The summary of the material submitted in the trial by the Judgment of the Court of First Instance, has clearly emphasized the central issues. This has also enabled the Defence to become aware of uncertainties and to try to explain them. The Supreme Court now has additional and better ways to find out what actually happened and to review the Judgment.

The last ground of appeal concerns the measure of punishment.

The District Court has imposed the death penalty. It has not exercised the power - which it affirmed - to impose a lesser penalty. The Defence requests that consideration be given as to whether the punishment is not excessive. The Court will have to consider again the argument that the Accused acted upon orders from his superiors, as an agent of the state. In this respect, I refer to the basic conception of the Hague Rules on Warfare on Land.

The basic premise of these rules is that the state alone can be held responsible for the acts of its agents and recipients of commands.
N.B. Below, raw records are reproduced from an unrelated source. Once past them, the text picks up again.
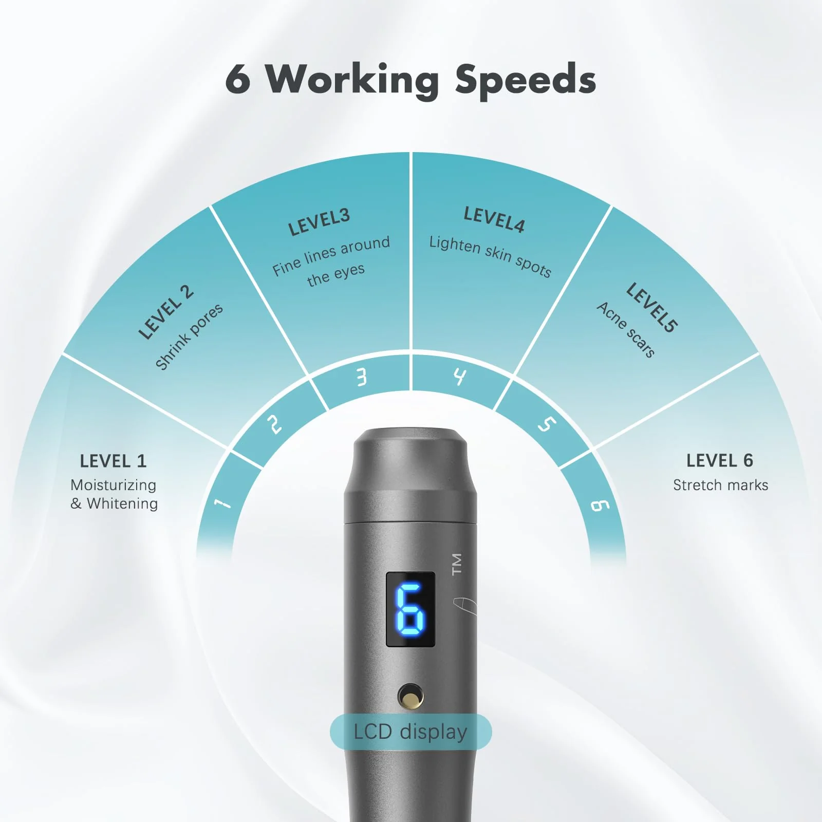 - ��Powerful Features�� The Dr.Pen Ultima M8 can be used wirelessly or with a cord. Compared to manual microneedles. the electric microneedle pen is more convenient and portable. It offers six speed modes. adjustable needle length. and is suitable for various skin concerns. The upgraded three-slot design ensures a tight and secure connection between the needle heads and the device. ensuring safety and reliability.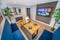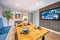 This stunning Space has an over 70” smart TV built into the wall just in front of the stunning bespoke Navy quilted seating bench and dining table, and with built in plug sockets, this area is not only the perfect place for movie night, but also a perfect alternative workspace if you want a change of scenery.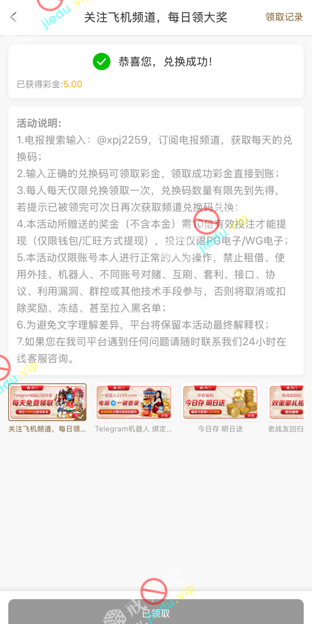 到账情况: 白嫖即可(勿充值)

Up to 1914, this was the view held unanimously by all states. Since one group of states has become predominant, doubts as to the soundness of this opinion to the detriment of the vanquished have been raised. Today, no certainty exists as to how a citizen has to act. Should he obey or resist? In this respect the Convention on Genocide, which came into force on 12 January 1951, is enlightening. No mention is made in this Convention about the existence of an excuse based on superior orders, notwithstanding detailed prior discussions by the participating States.

A motion submitted at that time by the Soviet Union proposed to exclude superior orders as a ground of exemption from punishment. However, this motion was rejected by a majority of votes. The twenty-eight states voting against the proposed provision included the United States, Belgium, Sweden and Denmark. The Court ought to take into account the basic view of the majority, namely that this justification should still be considered as valid.

Municipal law does not recognize superior orders as a justification, if the act committed is manifestly punishable. The determination of the line to be drawn, beyond which a political act is to be considered as manifestly punishable, will depend upon the different interpretations given by the involved parties, according to their respective points of view.

In this respect, the special question of the criminal nature of the act carried out in compliance with an order has to be considered, if this act in itself is not punishable by law. As provided for by the general rules of criminal law, the act will be criminal only by reason of its connection with the acts of other persons. However, as distinguished from other acts classified as criminal under the rules of criminal law, in the particular circumstances under review, preparatory acts, participation in the offence and assistance, within the framework of the chain of command, may appear as having been interrupted or even totally separated by the command organization. This question may become particularly important, where refusal to obey an order is involved. The duty to obey, as imposed by municipal law, will hardly leave the subordinate any right to choose. In that case the responsibility for the offence will be borne exclusively by the last link in the chain. The Accused was not the last link.

The basic distinctions I have shown in this respect should bear weight if the questions of resistance and its consequences are considered. The life of the Accused, in particular, would have been in immediate danger, had he refused to obey. In his capacity as a person entrusted with secrets, the Accused had sworn a special oath. Disobedience was punishable by the death penalty. As to fighting units, Hitler had issued an order on 24 February 1942, according to which a person refusing to obey an order was to be shot immediately. This order applied, all the more, to members of the SS. And it was applied. In view of these circumstances, and the necessity to respect orders issued, I applied to examine as an expert, Mr. Serafim, lecturer at Goettingen University. This lecturer has testified in many trials, and according to reports in newspapers, he gave information about executions by shooting which actually took place. In view of this situation, there was no further resistance, and it could hardly be expected from the Accused.